Subject: Re: Was India Once the Richest Nation in the World?
From: snakeman2-ga on 22 Nov 2004 01:01 PST
This is not an answer but i would like to clearfy "Or was it the
richest country prior to the Muslim invasions centuries earlier? ",
The Muslim army never reached India, the big population of muslims in
india was the result of muslim trading with india and traveling and
dealing with indians.
Subject: Re: Was India Once the Richest Nation in the World?
From: geof-ga on 23 Nov 2004 06:42 PST
In the middle ages India and the Orient generally was renowned for
being rich in precious stones, textiles, carpets and spices; this was
the origin of the much-used term "the riches of the Indies". Of
course, it was these same riches which led Columbus (and others) to
seek a sea route to Asia, resulting in the "discovery" of America.
However, whether India at that time was the richest country in the
world (compared, say, to China, Mexico, Spain or Britain) is in my
opinion impossible to say.
Subject: Re: Was India Once the Richest Nation in the World?
From: arumugaswami-ga on 23 Nov 2004 12:48 PST
Thanks for the comments. We are talking about the geographical region
that is now India, Pakistan and Bangladesh, we realized the political
unity varied with time. The comment from snakeman2-ga is actually in
reference to Indonesia. India was not only invaded but sacked time and
again by Muslim armies.
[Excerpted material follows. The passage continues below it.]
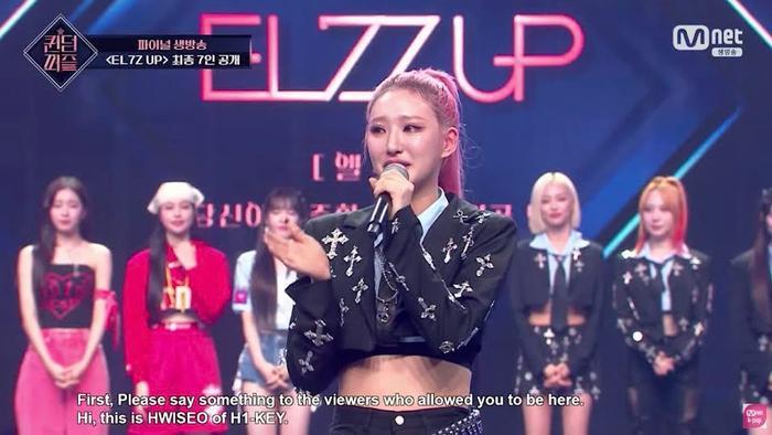 第五名成员H1-KEY辉玹,她是得票最高选手,获得第一名。辉玹说道,以这种方式出现是我很感激的事情,但我很感激你看好它,甚至给我一个很高的第一位置,今后,我会更加努力地成长为一名展现更好形象的艺人,以报答大家的关心、厚爱和支持。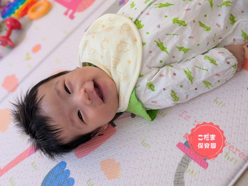 うつ伏せ遊びが上達中の子は、月齢の大きな子に交じって遊んでいます。

We've raised the value to $50 for an answer
and hope someone expert in historical economics can sort this out.
Subject: Re: Was India Once the Richest Nation in the World?
From: hydcallin-ga on 11 Dec 2004 00:06 PST
a little over 200 years ago India just before the Brits took over
contributed more than 30% to the world trade (current is 1.2%)

The very reason Europeans came to India was 
a) Spices
b) Direct trade - the middlemen in this case were the Arabs 

So yes, India's wealth attracted the West and India was the richest "region" then.

scriptor - It was, for most parts under a Single ruler - the Mughals
starting from the 13th Centruty right until  the British took over.
So, yes It was a Unified country - and was perceived so by the
The difference between the Older India and British/Post-1947 India is
that there is a "Central" Ruler.

India has been and will be too diverse for it to be a "single" entity
or to have a singular nation-state sort of Emphasis that the Western
World likes to emphasize on.
Subject: Re: Was India Once the Richest Nation in the World?
From: arumugaswami-ga on 14 Dec 2004 11:38 PST
This last reply is closer to what we want. Is there some source for
the 30% world trade? Any figures from earlier. We don't think it
matter if India was not a unified country for this calculation. We
talking about present day Pakistan, India and Bangladesh.
Subject: Re: Was India Once the Richest Nation in the World?
From: hydcallin-ga on 20 Dec 2004 03:36 PST
do I get any dough too? :-D
Subject: Re: Was India Once the Richest Nation in the World?
From: arumugaswami-ga on 21 Dec 2004 17:56 PST
Sorry, hydcallin-ga, you are a day late and therefore $50 short.